Send and Receive Messages via REST with Advanced Queuing and ORDS

Posted By: Todd Sharp on 9/8/2021 8:00 GMT
Tagged: Cloud, Database, Oracle

A while back, I blogged about using Oracle Advanced Queuing (AQ) for messaging within your applications. It's a great option for durable and reliable messaging and can be used via straight PL/SQL (with triggers or scheduled jobs in the DB, for example). As I showed in my last post, it can also integrate easily with a Java application via JMS. There are other options for connectivity (ODP.NET, and OCI to name a few), but if you're using something without native support, things can get...trickier. In this post, I'll show you an option that will make AQ accessible and easy to use from pretty much anywhere. If you can make an HTTP call, then you can send and receive messages with AQ.  

If you can make an HTTP call, then you can send and receive messages with Advanced Queuing.

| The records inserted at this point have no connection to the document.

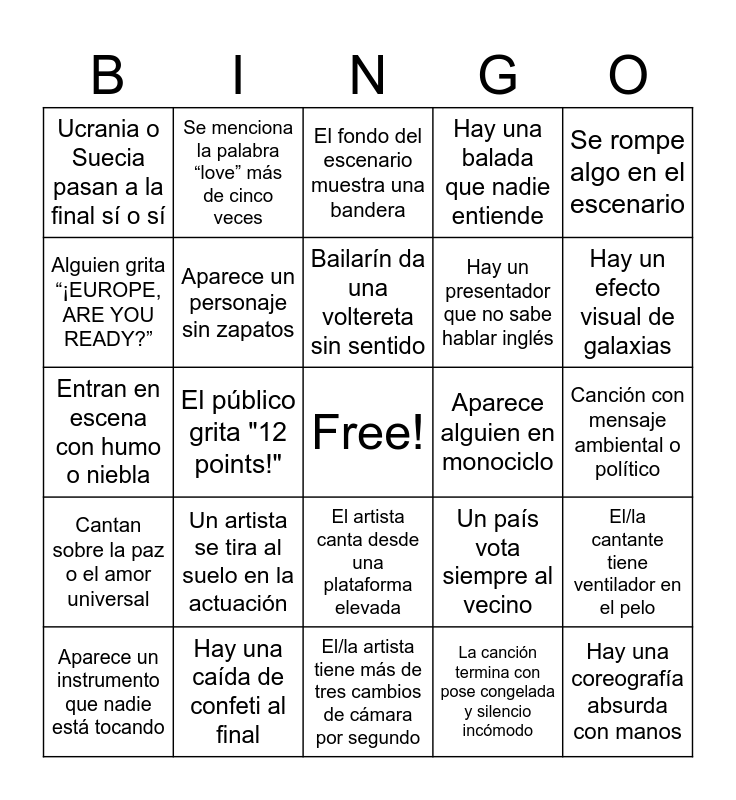 This bingo card has a free space and 36 words: Cantan en un idioma inventado, Hay un fuego artificial innecesario, Vestuario brilla más que el talento, Aparece un personaje sin zapatos, Un país vota siempre al vecino, Cantan sobre la paz o el amor universal, Bailarín da una voltereta sin sentido, Presentador hace un chiste incómodo, Se rompe algo en el escenario, El artista llora o se emociona, El público grita "12 points!", Hay una balada que nadie entiende, El Reino Unido queda último, Aparece alguien en monociclo, Hay un efecto visual de galaxias, Ucrania o Suecia pasan a la final sí o sí, Alguien canta con una capa dramática, Un artista se tira al suelo en la actuación, Hay una coreografía absurda con manos, El fondo del escenario muestra una bandera, Canción con mensaje ambiental o político, El/la cantante tiene ventilador en el pelo, Hay una caída de confeti al final, Aparece un instrumento que nadie está tocando, El/la artista tiene más de tres cambios de cámara por segundo, Se menciona la palabra “love” más de cinco veces, Entran en escena con humo o niebla, Un país recibe 12 puntos y nadie aplaude, Hay un presentador que no sabe hablar inglés, Alguien grita “¡EUROPE, ARE YOU READY?”, Una canción suena sospechosamente como otra famosa, El televoto cambia completamente el resultad, La canción termina con pose congelada y silencio incómodo, El artista canta desde una plataforma elevada, Hay contacto visual intenso con la cámara durante 10 segundos and Hay fuego durante la actuación.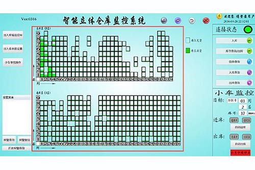 在系统主画面中,红线方框内为客户立体仓库整体情况显示,每一个黑色方框代表一个库位;显示绿色表示该库位有货物放入,绿色填充比例表示该库位的实时占用情况。画面左上为手动操作按键,包括输送机和龙门堆垛机的手动操作控制,右侧为货物出入库操作按键、出入库信息及库存信息查询按键、龙门堆垛机的自动运行状况监控等。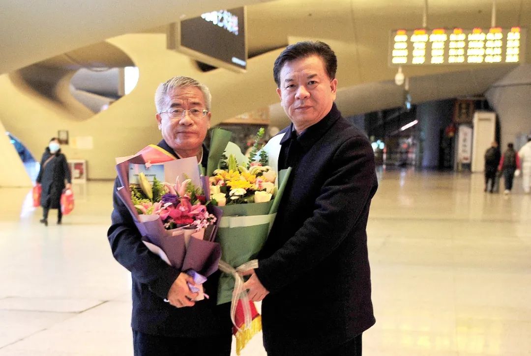 ▲24日晚,校党委副书记、副校长姚江林代表学校前往武汉站迎接载誉归来的张献龙教授(徐行 摄)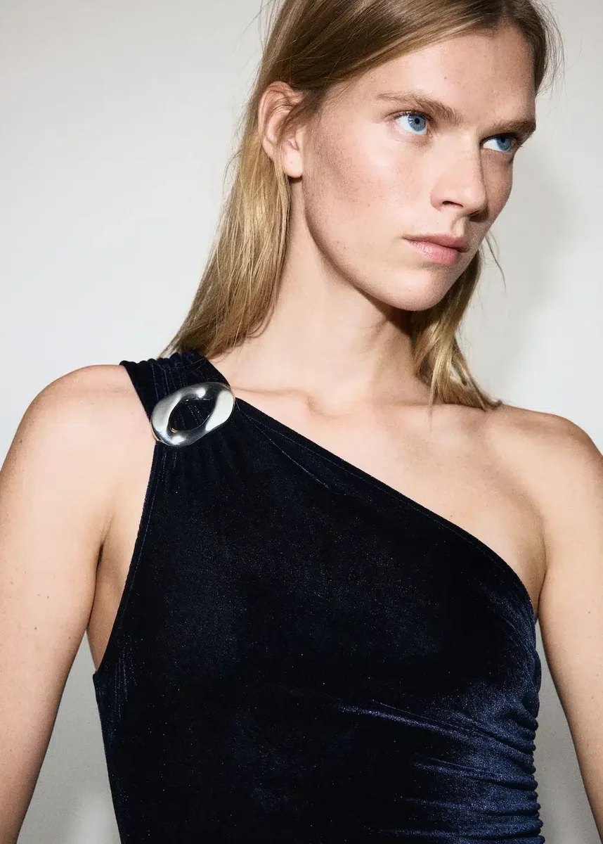Tessuto in velluto. Design lungo. Design aderente. Scollo asimmetrico. Dettagli metallici. Volant laterali. Chiusura con zip laterale. Questo capo fa parte della nostra collezione party ed eventi, pensata per valorizzare il tuo look nelle occasioni speciali.

When might you use this? Perhaps you have a need to use messaging, but you don't want to install and manage yet another messaging broker (or pay for a cloud-based solution). If you're using Autonomous DB, AQ is already there, just waiting for you to use it, but as I said earlier there isn't support for all languages and frameworks. IoT is another area where this solution would come in handy. Most microcontrollers and single-board computers can make a simple HTTP call, so this approach would make it non-trivial to publish sensor data to a queue that can be consumed by an analytic app, serverless function, or no-code/low-code application.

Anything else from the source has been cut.